These better early-life conditions can be seen in the steady increase in average adult height, which has increased by almost 4 inches (10 centimeters) globally over a hundred years. Height provides a simple example of how interpreting “age effects” from a snapshot of people at different ages can be misleading.
Stylized illustration
In the righthand figure, the colored lines correspond to cohorts of people born around the same time whose height is measured over time. While people get a little bit shorter with age through spinal compression and loss of bone density, they don’t shrink as dramatically as the top figure would suggest.
A similar cohort pattern was observed for cognitive test scores. For decades, cross-sectional studies suggested that measurable cognitive decline begins in early adulthood and proceeds steadily thereafter. But when the same individuals were followed over time, that story proved wrong. Many cognitive abilities remained stable well into midlife, and some improved. As with the example of height, the apparent early decline turned out to reflect cohort differences in education, test familiarity, and life experiences. The cross-sectional age-associations were real, but the “developmental” narrative was wrong.

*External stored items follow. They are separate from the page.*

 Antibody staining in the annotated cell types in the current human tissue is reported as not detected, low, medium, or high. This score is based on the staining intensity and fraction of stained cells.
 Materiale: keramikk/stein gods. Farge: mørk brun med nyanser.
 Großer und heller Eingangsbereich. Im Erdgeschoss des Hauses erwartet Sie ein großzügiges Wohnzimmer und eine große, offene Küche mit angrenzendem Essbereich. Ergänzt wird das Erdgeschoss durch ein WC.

So, why do studies/headlines keep doing this?
To be fair, the authors acknowledge this limitation (briefly and buried) in their discussion:
“Moreover, the cross-sectional design of this project, due to the limited availability of longitudinal lifespan datasets, limits exploration of causality or temporal dynamics within an individual.”
But the title, abstract, and discussion (not to mention press coverage) still lean heavily on the language of development, aging, and “change.” The first line of the discussion section states for example:
“Our results emphasize the complex, non-linear topological changes that occur across the lifespan....”

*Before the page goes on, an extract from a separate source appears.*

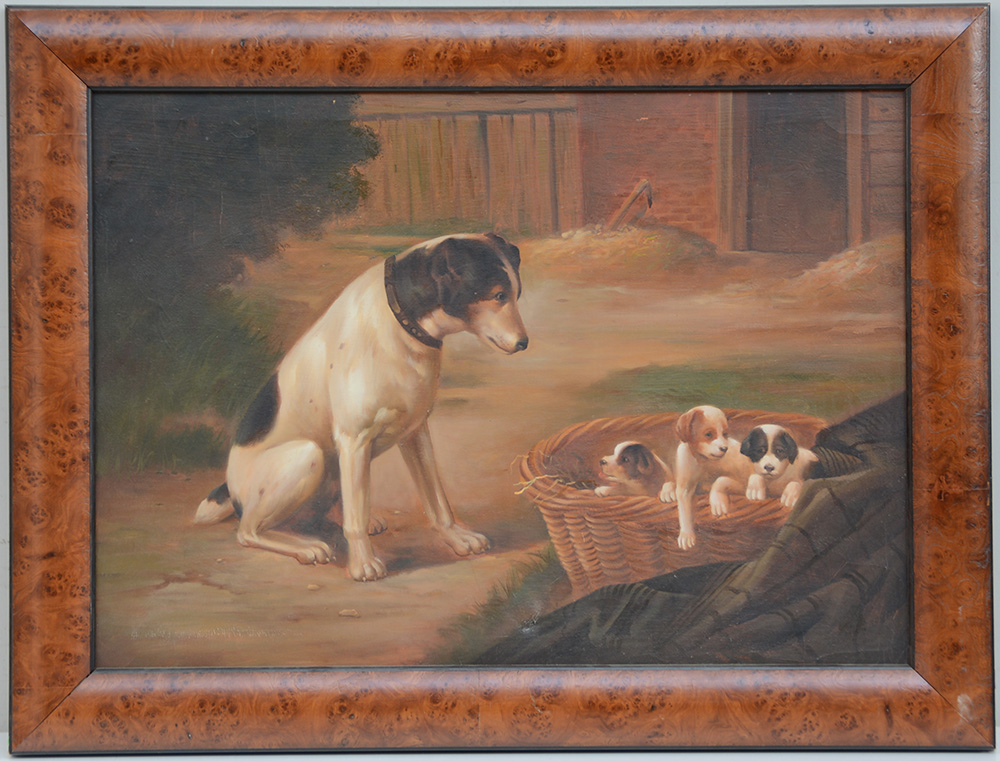 Ignoto "Cortile con cani" olio su tela (cm 50x70) in cornice

Why the linguistic sleight of hand? Admittedly, it’s very hard to get lifespan brain data that follows the same individuals over time, especially with relatively new scanning technologies. We’d have to wait a hundred years to get an equivalent that measures how an individual’s brain changes over the lifespan. But we can still learn a lot about how important cohort differences are by following people for several years to see if those inter-individual change patterns match the cross-sectional data. So luckily we don’t have to just throw up our hands and say it’s impossible to estimate age effects. But we should be aware and communicate transparently about the proper interpretation of data like this. We can also look for opportunities to test and improve such estimates with longitudinal data that includes overlapping cohorts (different generations observed when they are the same age).

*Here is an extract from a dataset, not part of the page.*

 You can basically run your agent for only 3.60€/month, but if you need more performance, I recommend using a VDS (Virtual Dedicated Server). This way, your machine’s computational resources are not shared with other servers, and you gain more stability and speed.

Given how common it is to see this type of misinterpretation, I think some of this reflects a natural tendency by scientists (but especially university press offices and journalists) to make the findings as interesting and relevant as possible. “Adolescence lasts until age 32” certainly makes for better cocktail party conversation than the more accurate “the brains of people at different ages look different, possibly from the passage of time but also because of the specific things experienced by people born in 1995 compared to 1965.”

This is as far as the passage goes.